# In situ cancer cell specific synthesis of gold nanoclusters for radiosensitization of pancreatic cancer

> **NIH NIH R21** · UNIVERSITY OF TX MD ANDERSON CAN CTR · 2020 · $425,381

## Abstract

Abstract. Pancreatic cancer is one of the most aggressive human malignancies, with a yearly incidence that
equals its mortality. Radiation therapy (RT) is an integral component of modern therapy for locally advanced
unresectable pancreatic cancers. However, its ultimate utility is severely limited by the fact that some cancer
cells are resistant to RT. This problem is further amplified by the presence of gastrointestinal mucosa immediately
adjacent to the tumor that makes dose escalation difficult and often not readily achievable. A novel approach to
enhancing the radiation dose delivered to tumors is by transiently increasing the radiation-interaction probability
of the target tissues using high atomic number (Z) nanomaterials. However, pancreatic cancer is characterized
by hypovascularity in the setting of a dense stromal component that serves as a formidable physiological barrier
to the delivery of drugs and nanoparticles. Therapeutic strategies, which can bypass the desmoplasia `fortress'
and apply therapy without significantly affecting healthy cells and tissues would address the critical issues
inherently presented by the pancreatic cancer. Here we propose to solve this delivery challenge by a paradigm
shift from delivery of pre-made high-Z nanoparticles to an atomic size gold precursors (i.e., gold ions) for tumor
radiosensitization thus achieving the ultimate reduction in size of a therapeutic agent – an atomic scale. Our
hypothesis is that small gold ions (i) will uniformly distribute throughout the tumor as their diffusion is not likely
to be impeded by the stroma, and (ii) will be reduced to gold nanoparticles (GNPs) by cancer cells that (iii) will
result in cancer cell radiosensitization to RT. This hypothesis is based on our compelling preliminary data
demonstrating efficient synthesis of GNPs from gold ions inside pancreatic cancer cells but not normal cells.
Further, the biosynthesized GNPs exhibited a high nuclear localization that is critical for efficient
radiosensitization due to a higher dose delivery to nuclei by the secondary Auger electrons. In addition, a number
of recent reports demonstrated intracellular synthesis of GNPs from chloroauric acid by mammalian cells with a
preferential nuclear localization of the nanoparticles further supporting our hypothesis. Interestingly, this
phenomenon has not been previously considered for applications in radiotherapy.

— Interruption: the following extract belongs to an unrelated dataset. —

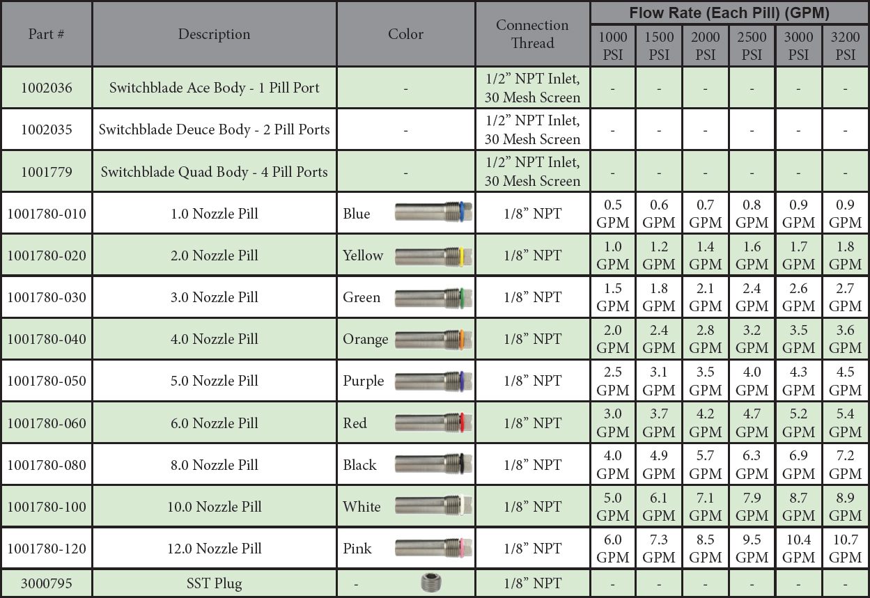PERFORMANCE – Complete jobs faster with more runtime and less downtime. A combination of (1), (2), or (4) 0° solid stream nozzles provide greater impingement, allowing you to cut through soil faster while using dramatically less water. The Switchblade’s long, linear flow path is ideally suited for trenching applications.

We see it as a highly
innovative and exciting opportunity to greatly improve radiosensitization efficiency of cancer cells in situ. We
envision clinical implementation of our approach as an added boost to significantly increase efficacy of
stereotactic body radiotherapy in patients with a pancreatic tumor. Recent clinical data from our group and others
shows that radiation dose enhancement increases overall survival of locally advanced pancreatic cancer
patients. However, the proximity of gastrointestinal mucosa to the tumor in many instances precludes this dose
escalat...

## Key facts

- **NIH application ID:** 10039805
- **Project number:** 1R21CA252156-01
- **Recipient organization:** UNIVERSITY OF TX MD ANDERSON CAN CTR
- **Principal Investigator:** Sunil Krishnan
- **Activity code:** R21 (R01, R21, SBIR, etc.)
- **Funding institute:** NIH
- **Fiscal year:** 2020
- **Award amount:** $425,381
- **Award type:** 1
- **Project period:** 2020-07-01 → 2022-12-31

## Primary source

NIH RePORTER: https://reporter.nih.gov/project-details/10039805

## Citation

> US National Institutes of Health, RePORTER application 10039805, In situ cancer cell specific synthesis of gold nanoclusters for radiosensitization of pancreatic cancer (1R21CA252156-01). Retrieved via AI Analytics 2026-05-27 from https://api.ai-analytics.org/grant/nih/10039805. Licensed CC0.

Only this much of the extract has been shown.